> [The problem] Print the listing exactly, but only as far as the line containing "Nous ferons le". The first line and that line are both included.

> [Source data]

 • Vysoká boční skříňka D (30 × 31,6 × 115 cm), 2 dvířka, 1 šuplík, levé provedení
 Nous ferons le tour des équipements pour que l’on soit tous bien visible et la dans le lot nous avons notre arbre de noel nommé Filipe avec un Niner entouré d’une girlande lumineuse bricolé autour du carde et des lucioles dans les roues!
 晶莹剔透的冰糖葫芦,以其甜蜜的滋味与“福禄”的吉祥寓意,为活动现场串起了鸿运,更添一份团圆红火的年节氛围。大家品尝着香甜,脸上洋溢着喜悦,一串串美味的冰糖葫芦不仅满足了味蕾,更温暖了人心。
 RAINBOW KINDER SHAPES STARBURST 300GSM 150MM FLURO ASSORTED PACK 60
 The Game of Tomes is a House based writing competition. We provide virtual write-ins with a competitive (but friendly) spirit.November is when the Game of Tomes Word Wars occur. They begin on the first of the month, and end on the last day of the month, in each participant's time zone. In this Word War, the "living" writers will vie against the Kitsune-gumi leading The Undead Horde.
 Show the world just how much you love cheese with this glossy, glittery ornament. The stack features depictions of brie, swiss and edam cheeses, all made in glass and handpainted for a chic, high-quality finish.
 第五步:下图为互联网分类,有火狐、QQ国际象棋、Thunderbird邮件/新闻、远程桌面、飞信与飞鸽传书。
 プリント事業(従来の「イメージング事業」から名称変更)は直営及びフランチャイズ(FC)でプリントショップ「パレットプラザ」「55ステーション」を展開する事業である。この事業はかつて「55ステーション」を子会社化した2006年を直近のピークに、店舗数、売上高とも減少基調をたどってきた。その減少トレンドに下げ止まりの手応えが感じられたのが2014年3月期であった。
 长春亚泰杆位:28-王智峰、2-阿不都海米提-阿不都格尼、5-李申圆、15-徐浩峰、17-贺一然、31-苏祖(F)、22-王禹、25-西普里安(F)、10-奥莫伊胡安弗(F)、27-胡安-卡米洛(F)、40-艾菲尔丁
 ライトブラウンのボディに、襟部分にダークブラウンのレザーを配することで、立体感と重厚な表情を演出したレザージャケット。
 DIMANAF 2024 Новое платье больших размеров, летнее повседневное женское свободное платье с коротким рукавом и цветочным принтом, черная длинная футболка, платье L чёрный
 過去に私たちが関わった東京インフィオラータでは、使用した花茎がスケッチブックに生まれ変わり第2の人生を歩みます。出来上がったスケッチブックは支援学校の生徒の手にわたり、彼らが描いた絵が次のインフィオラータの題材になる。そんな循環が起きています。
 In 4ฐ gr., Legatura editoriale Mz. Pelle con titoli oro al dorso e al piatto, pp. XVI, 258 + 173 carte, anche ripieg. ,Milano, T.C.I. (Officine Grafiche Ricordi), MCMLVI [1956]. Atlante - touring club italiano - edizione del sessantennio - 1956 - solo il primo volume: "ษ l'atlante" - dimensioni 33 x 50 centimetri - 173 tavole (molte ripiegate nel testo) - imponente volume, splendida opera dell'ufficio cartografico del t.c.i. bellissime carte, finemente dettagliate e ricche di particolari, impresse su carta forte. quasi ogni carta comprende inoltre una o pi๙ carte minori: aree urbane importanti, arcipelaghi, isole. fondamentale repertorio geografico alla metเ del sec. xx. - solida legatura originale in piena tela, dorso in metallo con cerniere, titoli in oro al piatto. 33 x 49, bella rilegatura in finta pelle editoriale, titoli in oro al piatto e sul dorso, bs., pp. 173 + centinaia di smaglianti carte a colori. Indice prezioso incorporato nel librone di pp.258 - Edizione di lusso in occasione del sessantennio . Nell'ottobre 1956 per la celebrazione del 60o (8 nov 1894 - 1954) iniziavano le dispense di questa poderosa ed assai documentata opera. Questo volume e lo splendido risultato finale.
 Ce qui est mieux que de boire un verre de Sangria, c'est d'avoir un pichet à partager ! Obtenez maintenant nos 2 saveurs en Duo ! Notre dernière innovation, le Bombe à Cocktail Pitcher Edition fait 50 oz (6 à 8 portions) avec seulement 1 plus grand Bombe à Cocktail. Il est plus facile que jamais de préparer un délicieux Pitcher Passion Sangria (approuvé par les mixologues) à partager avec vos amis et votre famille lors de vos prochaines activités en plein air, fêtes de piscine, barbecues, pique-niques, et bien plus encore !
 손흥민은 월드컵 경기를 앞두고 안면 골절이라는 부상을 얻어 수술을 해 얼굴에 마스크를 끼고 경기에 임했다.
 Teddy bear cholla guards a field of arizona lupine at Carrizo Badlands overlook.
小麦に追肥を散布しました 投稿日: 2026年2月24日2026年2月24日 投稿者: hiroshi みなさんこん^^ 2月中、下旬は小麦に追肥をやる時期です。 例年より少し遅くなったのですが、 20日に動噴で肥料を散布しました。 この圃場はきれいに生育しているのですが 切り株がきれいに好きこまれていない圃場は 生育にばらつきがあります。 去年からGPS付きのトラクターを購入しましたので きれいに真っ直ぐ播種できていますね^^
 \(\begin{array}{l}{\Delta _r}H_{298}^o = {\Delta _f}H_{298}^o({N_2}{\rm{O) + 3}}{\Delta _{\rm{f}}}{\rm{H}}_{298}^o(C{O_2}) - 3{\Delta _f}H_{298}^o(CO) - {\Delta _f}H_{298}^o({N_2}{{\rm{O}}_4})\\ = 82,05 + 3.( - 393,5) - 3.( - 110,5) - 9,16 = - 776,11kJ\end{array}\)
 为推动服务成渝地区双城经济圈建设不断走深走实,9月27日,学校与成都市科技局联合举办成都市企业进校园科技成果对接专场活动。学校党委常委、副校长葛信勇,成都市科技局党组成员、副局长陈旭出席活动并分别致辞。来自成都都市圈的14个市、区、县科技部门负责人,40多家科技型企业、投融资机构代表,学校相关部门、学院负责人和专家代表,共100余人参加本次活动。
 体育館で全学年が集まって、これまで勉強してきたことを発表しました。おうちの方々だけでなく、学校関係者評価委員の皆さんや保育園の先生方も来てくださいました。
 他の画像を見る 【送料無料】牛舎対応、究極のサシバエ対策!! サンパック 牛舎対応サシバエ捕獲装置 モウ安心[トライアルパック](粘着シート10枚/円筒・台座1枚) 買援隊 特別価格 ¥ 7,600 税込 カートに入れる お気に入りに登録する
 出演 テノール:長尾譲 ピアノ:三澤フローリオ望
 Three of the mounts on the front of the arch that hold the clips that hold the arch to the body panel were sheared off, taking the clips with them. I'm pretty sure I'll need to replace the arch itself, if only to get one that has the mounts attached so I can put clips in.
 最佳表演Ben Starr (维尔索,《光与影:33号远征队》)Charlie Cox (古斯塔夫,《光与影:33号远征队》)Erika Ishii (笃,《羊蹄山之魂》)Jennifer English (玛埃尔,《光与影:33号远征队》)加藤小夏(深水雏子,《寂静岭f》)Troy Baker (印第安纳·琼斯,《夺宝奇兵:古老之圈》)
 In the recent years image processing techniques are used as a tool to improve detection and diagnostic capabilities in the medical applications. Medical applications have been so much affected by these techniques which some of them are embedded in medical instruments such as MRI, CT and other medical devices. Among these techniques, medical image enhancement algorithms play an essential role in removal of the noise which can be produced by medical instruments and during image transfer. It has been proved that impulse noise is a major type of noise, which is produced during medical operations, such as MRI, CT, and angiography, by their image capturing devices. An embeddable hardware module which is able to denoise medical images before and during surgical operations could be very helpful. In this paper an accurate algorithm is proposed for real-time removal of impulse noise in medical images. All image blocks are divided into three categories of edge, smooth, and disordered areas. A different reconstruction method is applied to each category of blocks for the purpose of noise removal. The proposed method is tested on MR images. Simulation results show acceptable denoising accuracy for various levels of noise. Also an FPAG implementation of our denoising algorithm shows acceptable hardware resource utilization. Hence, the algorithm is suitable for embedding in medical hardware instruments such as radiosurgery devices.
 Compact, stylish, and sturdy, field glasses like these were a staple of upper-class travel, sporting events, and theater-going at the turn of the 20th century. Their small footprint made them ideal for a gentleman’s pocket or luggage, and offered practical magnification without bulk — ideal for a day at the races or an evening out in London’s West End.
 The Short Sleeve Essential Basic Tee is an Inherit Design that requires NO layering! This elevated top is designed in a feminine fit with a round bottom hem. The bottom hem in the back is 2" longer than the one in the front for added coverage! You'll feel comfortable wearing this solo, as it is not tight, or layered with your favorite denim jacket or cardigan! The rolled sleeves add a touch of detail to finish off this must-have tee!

> [Answer box]
 • Vysoká boční skříňka D (30 × 31,6 × 115 cm), 2 dvířka, 1 šuplík, levé provedení
 Nous ferons le tour des équipements pour que l’on soit tous bien visible et la dans le lot nous avons notre arbre de noel nommé Filipe avec un Niner entouré d’une girlande lumineuse bricolé autour du carde et des lucioles dans les roues!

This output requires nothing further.